Opening weekend last year I had this field scouted out, it was way out in the middle of no where, I couldnt get close scouting but there was about 1500 birds in it, I was happy. Well we setup first flock comes in, if you've ever hunted woodies they are outta control and like spinners. Needless to say we had two flocks of about 150 woodies come in then our day was over, the entire field was woodies not a mallard in the bunch. I was embarrased I hunt enough I should have known better but the closest I could get was a half mile away, plus i never would have guessed there to be that many in a field!!!


----------



## Shu (Oct 21, 2003)

That is a cool story Old Hunter. Hope I see it someday.


----------



## carp_killer (Nov 24, 2006)

99% of the ducks ive killed have been woodies seems that all we ever see if we get a flock of teal its nice just to mix it up never have killed a duck other then those 2 species. almost had a shot at a mallard last year. it would be nice to actually see something other then woods even though there are beutiful.


----------



## buckseye (Dec 8, 2003)

hey trapper, you ever come out to ND I'll show you greenheads no problem.


----------



## carp_killer (Nov 24, 2006)

i have a feeling next year i might have to go to nodak since ill have a DL then finally


----------



## buckseye (Dec 8, 2003)

Bring your gun and shells, I'll get you on them. You can use my decoys. When the time comes just ask where.


----------



## D&amp;D (Sep 14, 2005)

Our early wood duck/teal season was last week (13th-17th). My wife and I were out in the kayak the weekend before the opener (she didn't realize we were scouting!) and went into a small slough that I hunted many years ago. It hasn't held birds recently, but man did it ever this year. We sat there right before sunset and watched two good-sized flocks of blue wings come in along with more woodies than I could count. Needless to say, I limited the first morning in about two minutes. No teal that morning, but I went back Monday afternoon and got two more woodies and a blue wing drake.

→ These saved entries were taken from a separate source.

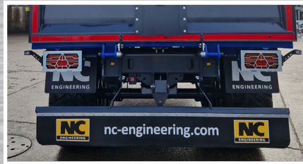
Full length rear mudflap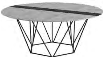
Foundry Giant Table with Power height 29.1"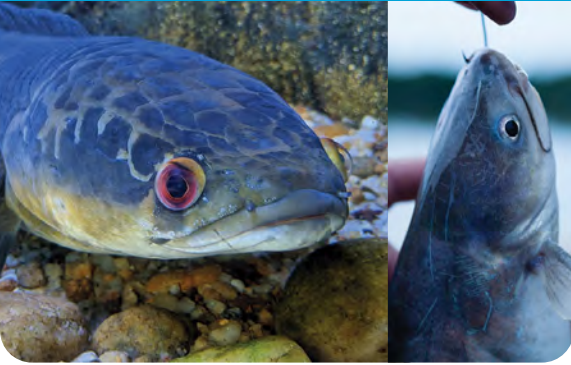
Invasive snakehead and blue catfish are caught through an invasive species control program led by an expert team of Piscataway Canoy tribal citizens. The catch is donated and dispersed among elders and families with children in the tribal community.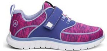
Sport Jogger Purple/Pink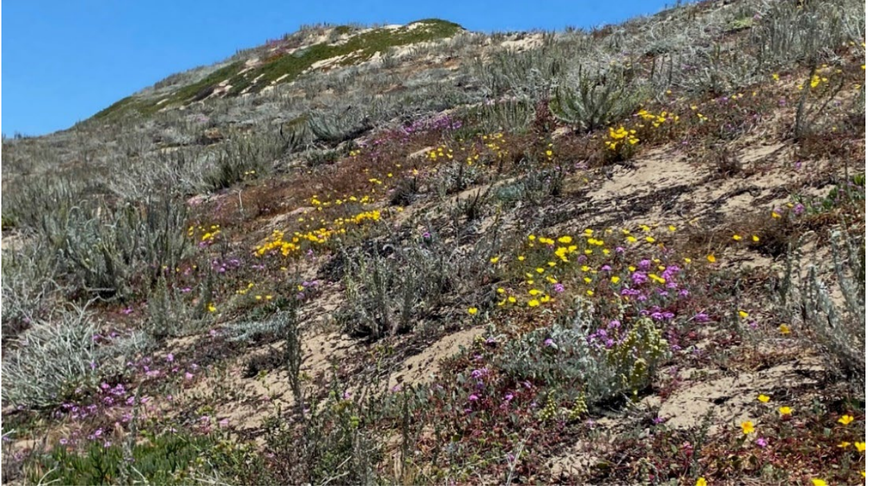
Wildflowers in Marina Dune Preserve as staff prepares to collect specimens for the annual wildflower show..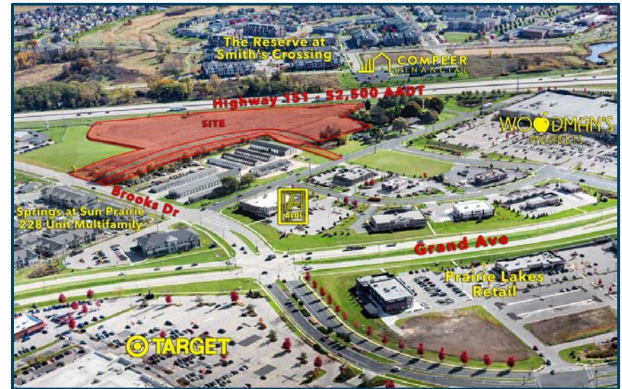
■ AERIAL LOOKING EAST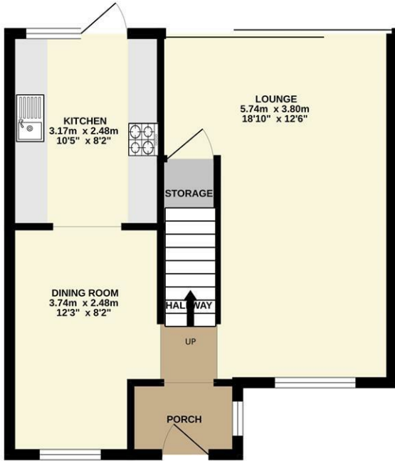
GROUND FLOOR 40.4 sq.m. (435 sq.ft.) approx.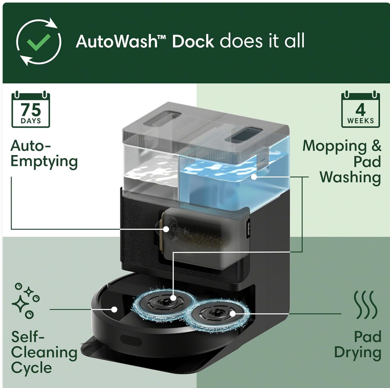
Figure 4.1: The AutoWash Dock's comprehensive features for automated maintenance.

The AutoWash Dock is designed for minimal manual intervention, handling dirt disposal and mop pad care automatically.

We're blessed with plenty of woodies down here, so if any of you guys ever come to southeast TN, just give me buzz. They're a blast to hunt and can make even the best wingshooter look silly!


----------



## Sd snow goose killer (Jan 20, 2007)

I noticed about 500 wooducks in a wheat field last week and i got to looking with the binocs and they were all drakes.. i thought that was pretty weird.
Must be some sort of migration because now they are all gone. i was hoping they would be around next weekend when seoson opens but i guess that changed.


----------



## buckseye (Dec 8, 2003)

There was a taxidermist on here a couple weeks ago said waterfowl shot in the fall was not worth mounting. There is no spring season when they are at their prime, how is a person supposed to get a decent wood duck mount legally?


----------



## blhunter3 (May 5, 2007)

We shot one last year in mid October and the taxidermist said it was just fine. I think that the taxiderist said that some birds you can mount early but not all of them


----------



## D&amp;D (Sep 14, 2005)

That theory shouldn't apply to woodies. All four drakes I took last week were in full color and any would have made a nice mount.


----------



## buckseye (Dec 8, 2003)

I honestly didn't and still don't think it was correct info from the taxidermist in the first place. Sure if the bird is immature there will be some issues but an adult bird should be good by early fall.


----------



## Methuselah (Sep 5, 2008)

Nothin like seeing a pile of big drake woods! I was fortunate enough to get a super mature drake woody last year. When I brought it into my taxidermist he said he usualy doesn't do ducks but after he looked at this one he said he would because it was the nices woody he had ever seen. It was late November up in northern MN when I shot it. There was even ice along the edges of the pond. Never seen a woody that late in the year. Ever.


----------



## the professor (Oct 13, 2006)

the area i grew up in and still hunt quite often is producing more and more wood ducks each year. last year early goose season, we had hundreds of wood ducks pouring off their roost into the cut corn we were hunting. ive never had ducks come to a field during early goose before, none the less all wood ducks! i will be specifically targeting a few wood duck haunts next weekend for minnesota opener on my never ending quest to put two drakes on the wall.


----------